数据准备
1. 表达矩阵
- 将行名转换为 gene symbol
- 数值log2后取小数点后两位
- 锁定11个基因
suppressPackageStartupMessages(library(org.Hs.eg.db))
suppressPackageStartupMessages(library(AnnotationDbi))
expr <- read.table('./TCGA-HNSC.htseq_counts.tsv',header = T,sep='\t')
dim(expr)
# [1] 60488 547
expr[1:4,1:4]
# Ensembl_ID TCGA.BB.4224.01A TCGA.H7.7774.01A TCGA.CV.6943.01A
# 1 ENSG00000000003.13 11.127994 11.420487 11.39178
# 2 ENSG00000000005.5 1.584963 0.000000 0.00000
# 3 ENSG00000000419.11 10.650154 10.724514 10.68825
# 4 ENSG00000000457.12 10.055282 9.651052 9.84235
enb <- as.character(expr[,1])
enb_new <- c()
for (i in 1:length(enb)) {
enb_new[i] <- strsplit(enb[i],"\\.")[[1]][1]
}
enb_new <- unique(enb_new)
symb <- AnnotationDbi::select(org.Hs.eg.db,enb_new,"SYMBOL","ENSEMBL")

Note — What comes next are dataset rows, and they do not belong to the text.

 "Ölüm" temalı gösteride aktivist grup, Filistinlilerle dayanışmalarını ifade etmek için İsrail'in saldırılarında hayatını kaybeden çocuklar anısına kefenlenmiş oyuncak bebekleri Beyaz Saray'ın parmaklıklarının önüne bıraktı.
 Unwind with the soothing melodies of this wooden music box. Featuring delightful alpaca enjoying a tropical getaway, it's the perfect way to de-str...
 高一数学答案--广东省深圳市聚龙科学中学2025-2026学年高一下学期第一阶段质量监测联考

todelet <- match(symb[,1],enb_new )
expr[,1] <- enb_new
expr <- expr[todelet,]
expr[,1] <- symb[,2]
gs <- expr$Hugo_Symbol
expr <- expr[,-1]
rownames(expr) <- gs
expr <- log2(expr+1)
expr <- apply(expr, 2, function(x){
as.numeric(format(x,digits = 2))
})
save(expr,file='expression.Rdata')
2. 临床数据
- 将行名形式与表达矩阵统一
clin <- read.table('./TCGA-HNSC.GDC_phenotype.tsv',header = T,sep='\t')
summary(clin)
clin[1:4,1:4]
clin$submitter_id.samples = gsub('-','.',clin$submitter_id.samples)

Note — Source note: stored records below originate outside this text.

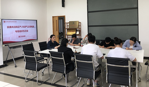 为深入学习贯彻习近平新时代中国特色社会主义思想,进一步引导党员树立廉洁观念,做正直、廉洁、守法、公正的合格党员,5月16日下午,第三党支部在大学生发展中心会议室召开了主题为“崇廉尚洁扬正气 风清气正谱新篇”专题组织生活会。会议由党支部书记杨瑾主持,支部全体党员参加。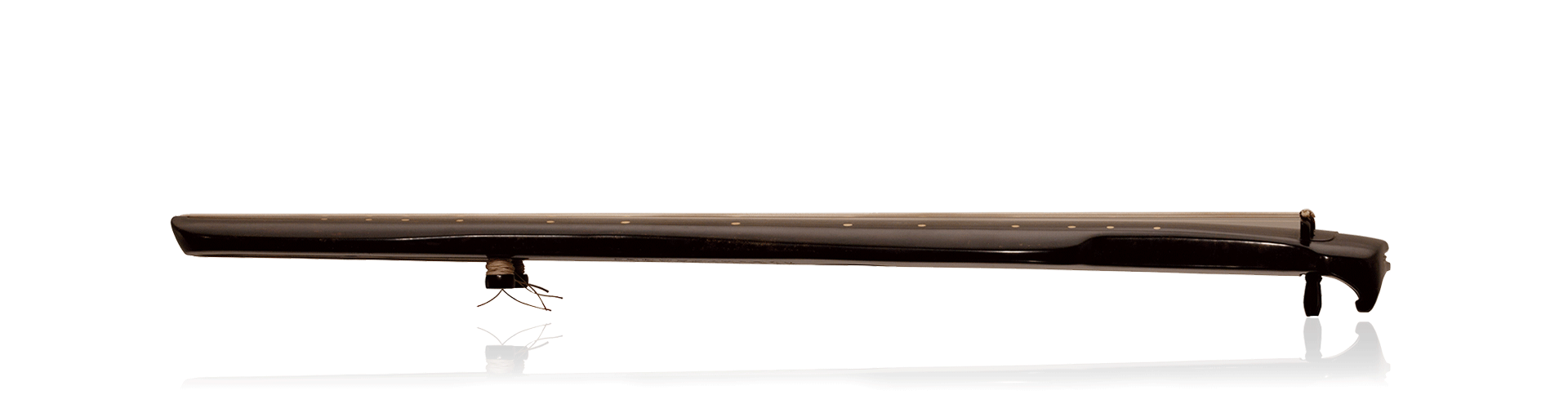 无痕,倚道琴剑式,为王鹏新创古琴形制,传神写意青铜剑器,形意叠合,旨在表征君子琴心剑胆,并蕴刚柔。“无痕”造型朗逸舒展,浑厚内敛,圆中有方;线条隐褪棱角,宛若天工,行走无痕。同时“肩垂而阔”,颇显盛唐古风。《老子》之谓“善行无辙迹”,即琴名由来。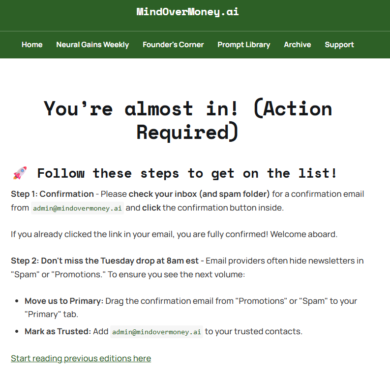 This solves the visibility problem completely. Previously, a user would sign up and stay on the homepage, likely missing the confirmation message in their spam folder. Now, the workflow is impossible to miss. A user signs up, is immediately moved to a page that says "Check your spam folder," finds the newsletter to whitelist it, and is reminded again to add us to their contacts upon confirmation.

row.names(clin) <- clin[,1]
save(clin,file='clinical.Rdata')
3. 生存数据
surv <- read.table('./TCGA-HNSC.survival.tsv',header = T,sep='\t')
4. 整合数据
- 锁定11个基因
- 整合
clin
和surv
geneselected <- expr[c("CHAC2","CLEC9A","GNG10","JCHAIN","KLRB1",
"NOG","OLR1","PRELID2","SYT1","VWCE","ZNF443"),]
phe <- clin[,c("submitter_id.samples","age_at_initial_pathologic_diagnosis","clinical_stage")]
colnames(phe) <- c("ID","age","stage")
row.names(phe) <- phe[,1]
row.names(surv) <- surv[,1]
phe <- cbind(phe,surv[,c("OS.time","OS")])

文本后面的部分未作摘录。